(Beginning of INFORMATION PROVIDED)

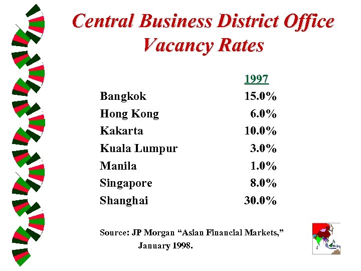 Central Business District Office Vacancy Rates Bangkok Hong Kakarta Kuala Lumpur Manila Singapore Shanghai 1997 15. 0% 6. 0% 10. 0% 3. 0% 1. 0% 8. 0% 30. 0% Source: JP Morgan “Asian Financial Markets, ” January 1998.
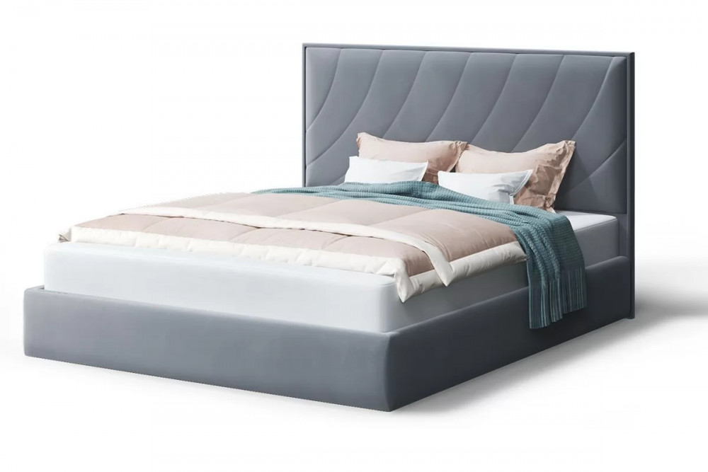Кровать СОФИЯ 2000*1800мм (без опор), велюр NEO 25 (серый), (б/основания, б/матраса) в Тюмени
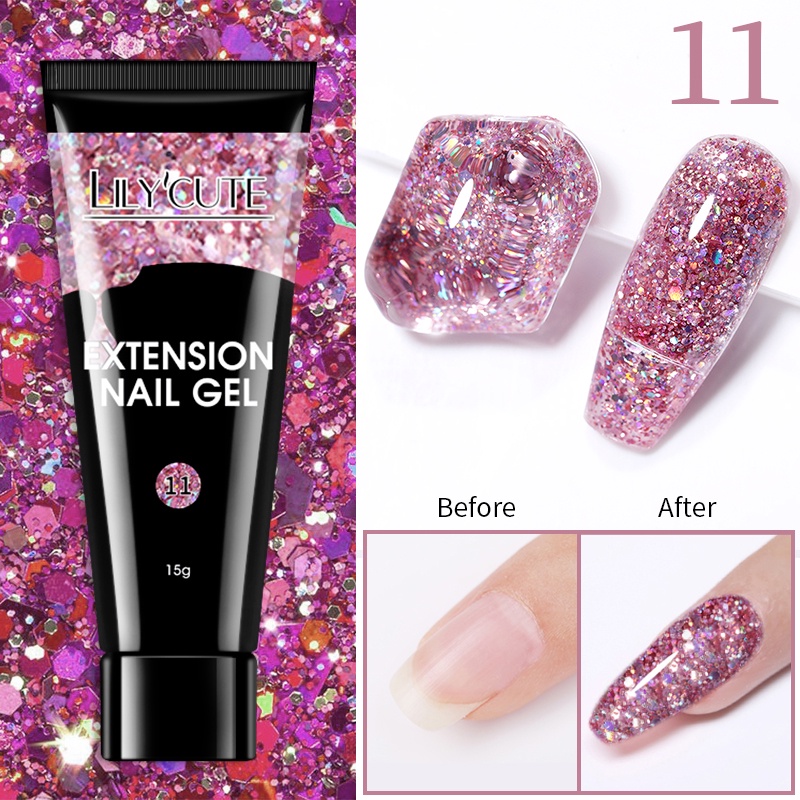 LILYCUTE 15ml Glitter Acrílico Gel Extensão Do Dedo Prata Rosa Prego Embeber Fora Verniz Da Arte Manicure

(End of INFORMATION PROVIDED)

YOUR OBJECTIVE |
Restate the data above word for word. Skip every picture.

RESULT OF THE TASK |
 Central Business District Office Vacancy Rates Bangkok Hong Kakarta Kuala Lumpur Manila Singapore Shanghai 1997 15. 0% 6. 0% 10. 0% 3. 0% 1. 0% 8. 0% 30. 0% Source: JP Morgan “Asian Financial Markets, ” January 1998.
Кровать СОФИЯ 2000*1800мм (без опор), велюр NEO 25 (серый), (б/основания, б/матраса) в Тюмени
 LILYCUTE 15ml Glitter Acrílico Gel Extensão Do Dedo Prata Rosa Prego Embeber Fora Verniz Da Arte Manicure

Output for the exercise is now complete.